| To do |
In the copy, every line of the material that follows must appear exactly, and no pictures should.

| Supplied information |
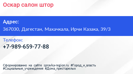 Оскар, салон штор по адресу 367030, Дагестан, Махачкала, Ирчи Казака, 39/3 в дальнейшем Организация, размещена в следующих категориях:
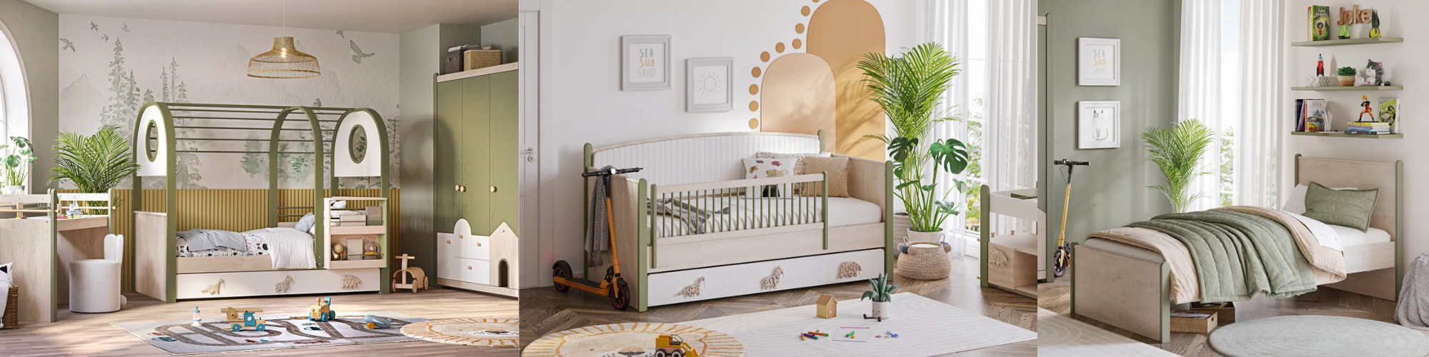 Inspiriert von der Montessori-Pädagogik, fördert die Joy-Linie die Selbstständigkeit und Bewegungsfreiheit von Kleinkindern. Mit ihren beruhigenden Salbeigrüntönen und dem natürlichen Holz bringt dieses Kinderzimmer Natur und Ruhe direkt in Ihr Zuhause.
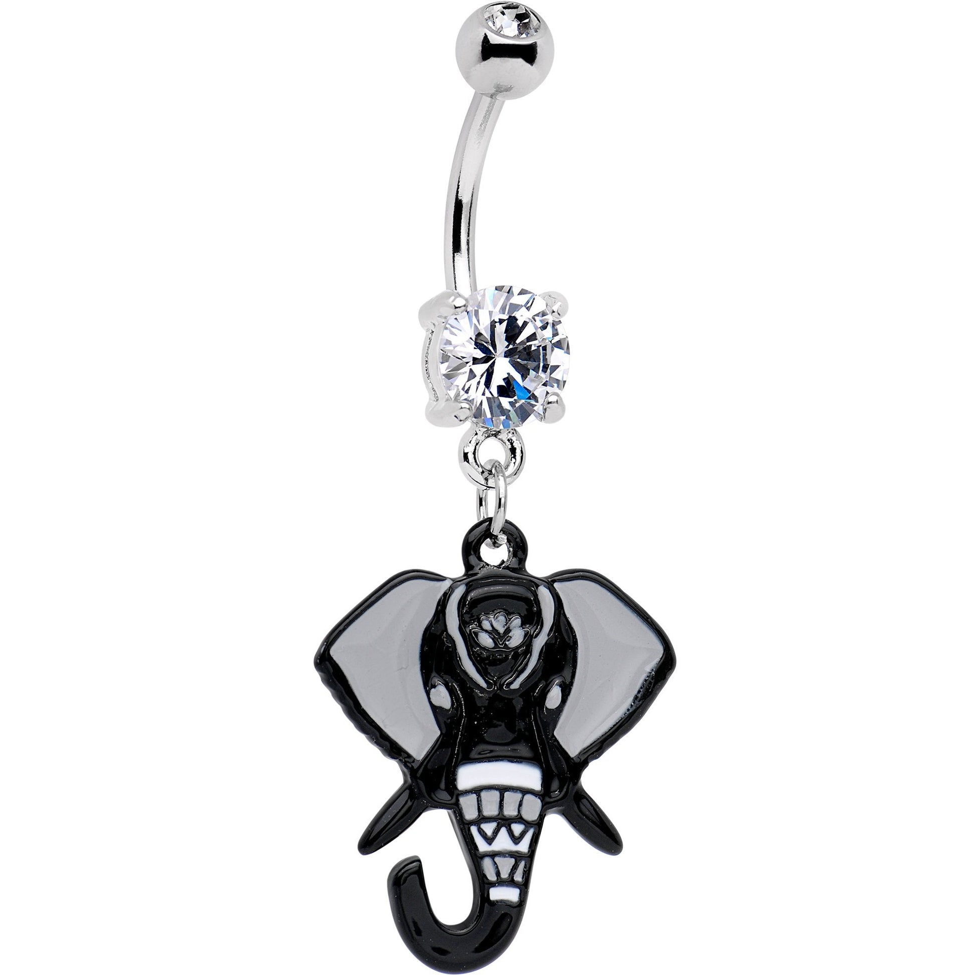 You'll feel powerful when you wear this unique imperial elephant dangle belly button piercing. This navel piercing is 3/8" in length and is made with a durable 316L surgical grade stainless steel curved barbell. The curved barbell includes clear cubic zirconia gem ball ends and a black dangle elephant charm decorated with black and white ritual face paint.

| The answer |
 Оскар, салон штор по адресу 367030, Дагестан, Махачкала, Ирчи Казака, 39/3 в дальнейшем Организация, размещена в следующих категориях:
 Inspiriert von der Montessori-Pädagogik, fördert die Joy-Linie die Selbstständigkeit und Bewegungsfreiheit von Kleinkindern. Mit ihren beruhigenden Salbeigrüntönen und dem natürlichen Holz bringt dieses Kinderzimmer Natur und Ruhe direkt in Ihr Zuhause.
 You'll feel powerful when you wear this unique imperial elephant dangle belly button piercing. This navel piercing is 3/8" in length and is made with a durable 316L surgical grade stainless steel curved barbell. The curved barbell includes clear cubic zirconia gem ball ends and a black dangle elephant charm decorated with black and white ritual face paint.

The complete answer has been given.